[TRY IT] Within the lines below, the span from the line with "音声と映像の同期 超小型 超軽" to the line with "ولَا حذف مع", both ends included, is to be reproduced exactly, with pictures omitted.

[EXERCISE INPUT]
━━━━━━━━━━

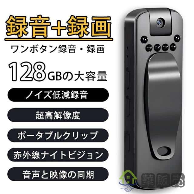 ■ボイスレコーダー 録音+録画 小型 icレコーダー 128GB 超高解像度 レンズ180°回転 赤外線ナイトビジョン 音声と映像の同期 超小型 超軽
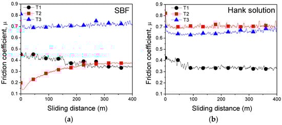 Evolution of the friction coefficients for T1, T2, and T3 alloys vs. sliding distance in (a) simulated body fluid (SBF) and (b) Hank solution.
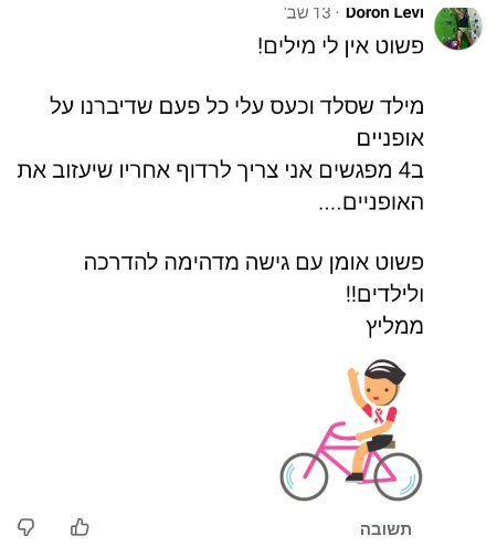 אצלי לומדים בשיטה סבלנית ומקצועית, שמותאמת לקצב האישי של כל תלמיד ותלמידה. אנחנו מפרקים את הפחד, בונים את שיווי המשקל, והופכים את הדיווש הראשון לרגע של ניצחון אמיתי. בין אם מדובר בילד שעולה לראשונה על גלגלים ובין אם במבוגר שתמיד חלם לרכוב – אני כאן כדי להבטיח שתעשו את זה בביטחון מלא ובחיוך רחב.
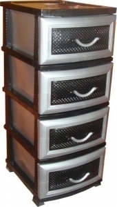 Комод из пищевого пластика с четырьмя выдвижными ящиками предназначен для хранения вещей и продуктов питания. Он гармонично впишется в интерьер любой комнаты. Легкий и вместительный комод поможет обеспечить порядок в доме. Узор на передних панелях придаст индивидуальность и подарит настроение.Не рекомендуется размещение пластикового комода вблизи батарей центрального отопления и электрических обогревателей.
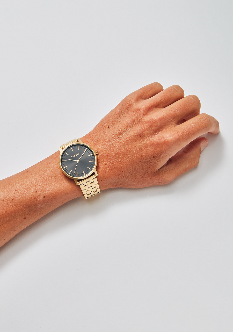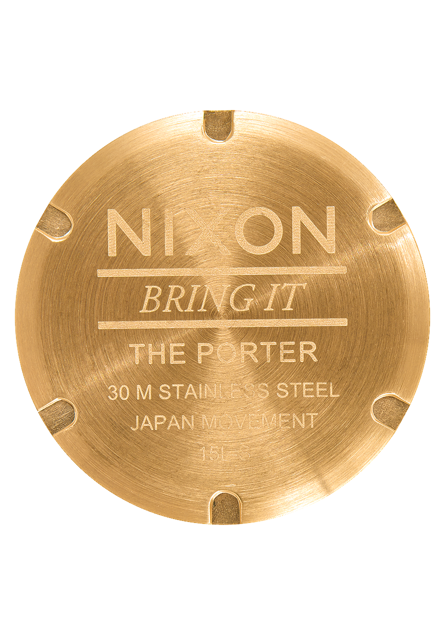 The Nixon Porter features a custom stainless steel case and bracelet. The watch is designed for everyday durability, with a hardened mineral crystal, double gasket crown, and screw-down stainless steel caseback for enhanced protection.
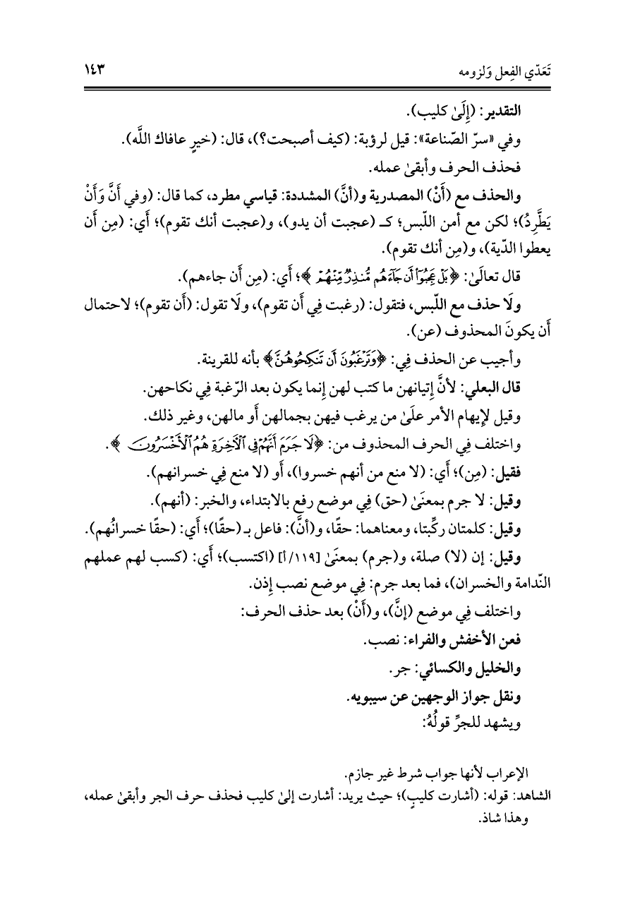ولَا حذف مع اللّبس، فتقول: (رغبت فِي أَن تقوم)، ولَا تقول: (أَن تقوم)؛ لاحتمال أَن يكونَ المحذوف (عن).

━━━━━━━━━━

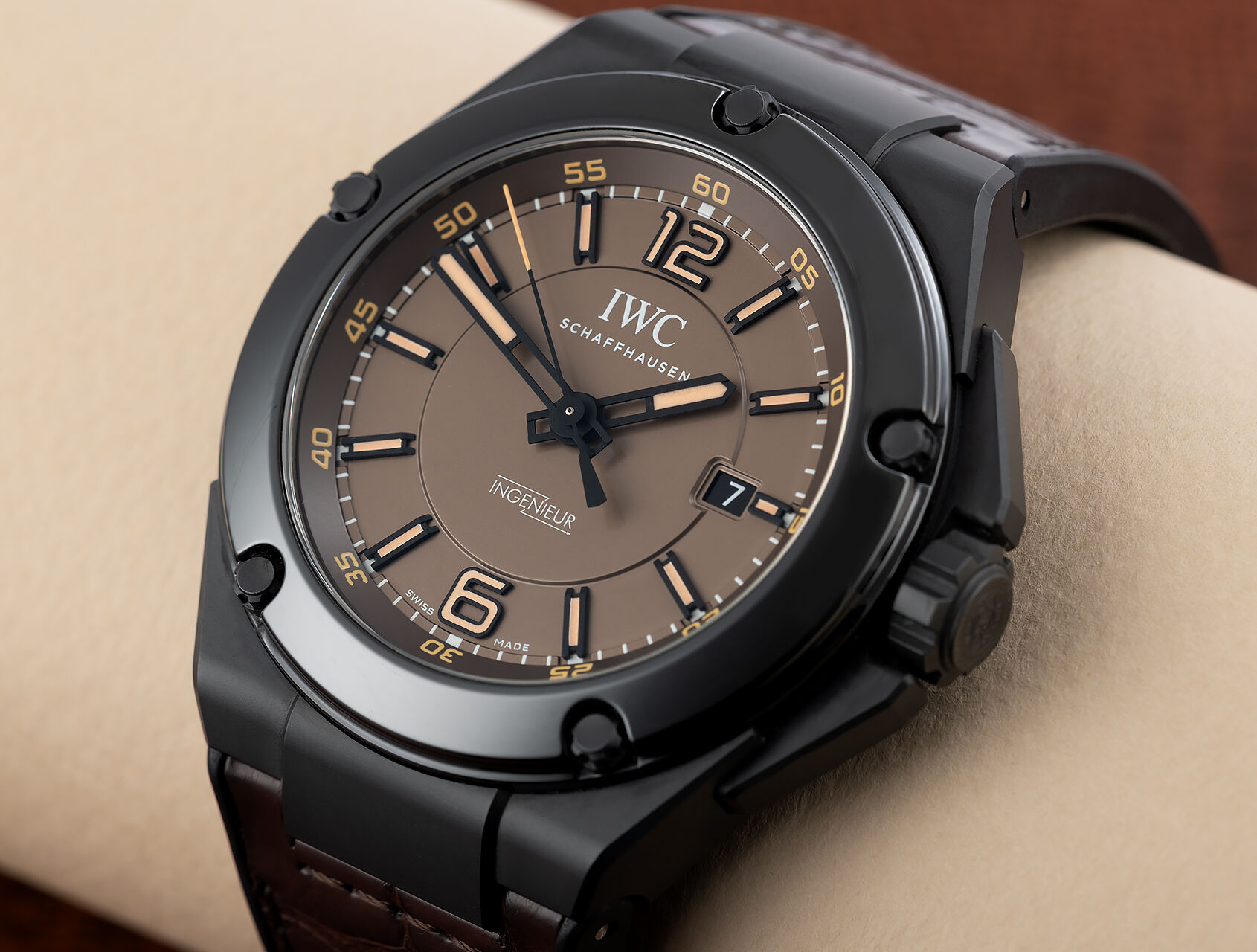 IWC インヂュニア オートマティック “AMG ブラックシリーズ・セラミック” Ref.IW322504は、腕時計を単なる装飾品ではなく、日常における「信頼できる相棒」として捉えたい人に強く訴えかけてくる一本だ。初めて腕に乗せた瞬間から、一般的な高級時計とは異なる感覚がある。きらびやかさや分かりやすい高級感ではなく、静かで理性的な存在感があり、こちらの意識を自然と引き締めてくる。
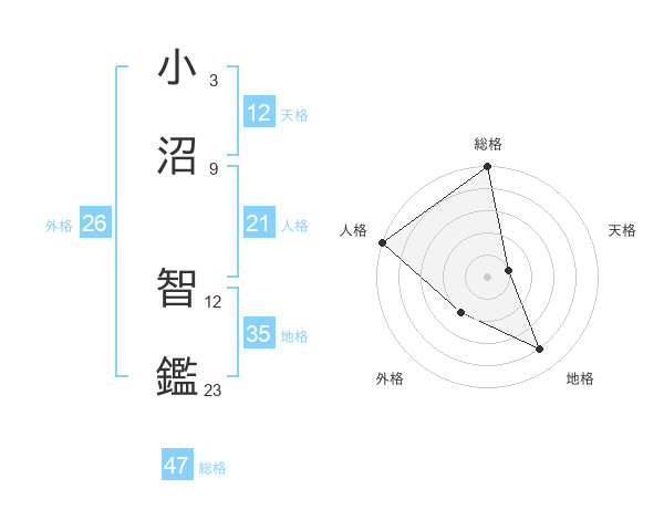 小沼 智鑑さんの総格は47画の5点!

━━━━━━━━━━

[RESULT BELOW]
 ■ボイスレコーダー 録音+録画 小型 icレコーダー 128GB 超高解像度 レンズ180°回転 赤外線ナイトビジョン 音声と映像の同期 超小型 超軽
 Evolution of the friction coefficients for T1, T2, and T3 alloys vs. sliding distance in (a) simulated body fluid (SBF) and (b) Hank solution.
 אצלי לומדים בשיטה סבלנית ומקצועית, שמותאמת לקצב האישי של כל תלמיד ותלמידה. אנחנו מפרקים את הפחד, בונים את שיווי המשקל, והופכים את הדיווש הראשון לרגע של ניצחון אמיתי. בין אם מדובר בילד שעולה לראשונה על גלגלים ובין אם במבוגר שתמיד חלם לרכוב – אני כאן כדי להבטיח שתעשו את זה בביטחון מלא ובחיוך רחב.
 Комод из пищевого пластика с четырьмя выдвижными ящиками предназначен для хранения вещей и продуктов питания. Он гармонично впишется в интерьер любой комнаты. Легкий и вместительный комод поможет обеспечить порядок в доме. Узор на передних панелях придаст индивидуальность и подарит настроение.Не рекомендуется размещение пластикового комода вблизи батарей центрального отопления и электрических обогревателей.
 The Nixon Porter features a custom stainless steel case and bracelet. The watch is designed for everyday durability, with a hardened mineral crystal, double gasket crown, and screw-down stainless steel caseback for enhanced protection.
ولَا حذف مع اللّبس، فتقول: (رغبت فِي أَن تقوم)، ولَا تقول: (أَن تقوم)؛ لاحتمال أَن يكونَ المحذوف (عن).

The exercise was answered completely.